On Thu, Mar 13, 2025 at 10:42 AM Fabian Greffrath <fab...@greffrath.com>
wrote:

> Dear systemd developers,
>
> I have a release-critical bug filed against the fluidsynth package in
> Debian [1] that I don't quite understand. The bug is especially against
> the fluidsynth.service file (attached to this mail).
>
> To provide some background, fluidsynth is a MIDI daemon that can work
> with different sound backends, most notably pulseaudio and pipewire.
>
> Users report that the fluidsynth daemon is loaded before pulseaudio and
> thus blocks the audio device, so that pulseaudio can only work on
> "dummy output". Some users can reproduce this, others don't (including
> myself). My guess is that I am using pipewire instead of pulseaudio and
> so the correct order of the services is already granted by the
> "After=pipewire.service" line. My next best guess is that expanding the
> line to read "After=pipewire.service pulseaudio.service" will fix the
> issue for both groups of users (one of the participants of the bug also
> suggested this but got no replies).
>

That should work, at least as long as both fluidsynth.service and
pipewire(or pulseaudio).service are both enabled to run on startup (well,
at logon).

I don't really recall how pulseaudio is set up – does it ever use "delayed"
socket activation (where only pulseaudio.socket starts at first, and the
.service runs on demand)? The After= alone wouldn't have any effect in such
setups, and an additional Wants= would be needed.

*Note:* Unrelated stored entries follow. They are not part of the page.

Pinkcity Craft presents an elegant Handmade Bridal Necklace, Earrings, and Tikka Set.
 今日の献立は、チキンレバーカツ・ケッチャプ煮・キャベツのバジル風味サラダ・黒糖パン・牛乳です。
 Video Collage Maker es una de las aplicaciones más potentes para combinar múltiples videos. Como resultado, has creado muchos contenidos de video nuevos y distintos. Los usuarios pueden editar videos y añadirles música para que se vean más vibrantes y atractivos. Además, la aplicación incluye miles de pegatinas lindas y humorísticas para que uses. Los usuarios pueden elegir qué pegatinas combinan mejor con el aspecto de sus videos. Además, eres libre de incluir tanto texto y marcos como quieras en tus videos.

Does Debian support having both Pulseaudio and PipeWire installed at the
same time? If not, then I *think* you could list both of them in Wants= (in
addition to After).


>
> The next strange issue is that reportedly even the Debian-gdm system
> user already loads the fluidsynth daemon, blocking it during the
> opening of the session for the actual human user.

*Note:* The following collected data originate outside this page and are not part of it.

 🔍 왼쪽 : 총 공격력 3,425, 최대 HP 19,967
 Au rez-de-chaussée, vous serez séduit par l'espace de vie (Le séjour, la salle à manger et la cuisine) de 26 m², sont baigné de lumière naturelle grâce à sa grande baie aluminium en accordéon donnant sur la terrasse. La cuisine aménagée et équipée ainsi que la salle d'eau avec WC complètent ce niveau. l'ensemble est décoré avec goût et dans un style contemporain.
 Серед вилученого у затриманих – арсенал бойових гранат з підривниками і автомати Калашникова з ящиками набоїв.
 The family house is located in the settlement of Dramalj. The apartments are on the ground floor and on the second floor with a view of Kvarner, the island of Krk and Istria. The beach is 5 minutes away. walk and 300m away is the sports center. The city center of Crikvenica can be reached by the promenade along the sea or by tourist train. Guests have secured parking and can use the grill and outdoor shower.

When Fluidsynth does direct device access, it should do what PulseAudio and
Pipewire do, i.e. release the devices when the systemd-logind session
becomes no longer "active".

I don't think gdm needs to play MIDI, though, so as a workaround I would
add a drop-in with:

[Unit]
ConditionUser=!Debian-gdm

or some other condition that's appropriate, so that it wouldn't start *at
all* for gdm. (Maybe alternatively link
~gdm/.config/systemd/user/fluidsynth.service to /dev/null, like "systemctl
--user mask" would create.)


> My guess here is that
> the "WantedBy=default.target" line should rather get replaced by
> something like "WantedBy=multi-user.target"?
>

It is a per-user service, so default.target is correct. The per-user
systemd instances don't have "multi-user.target" (they only run in
multi-user mode in the first place).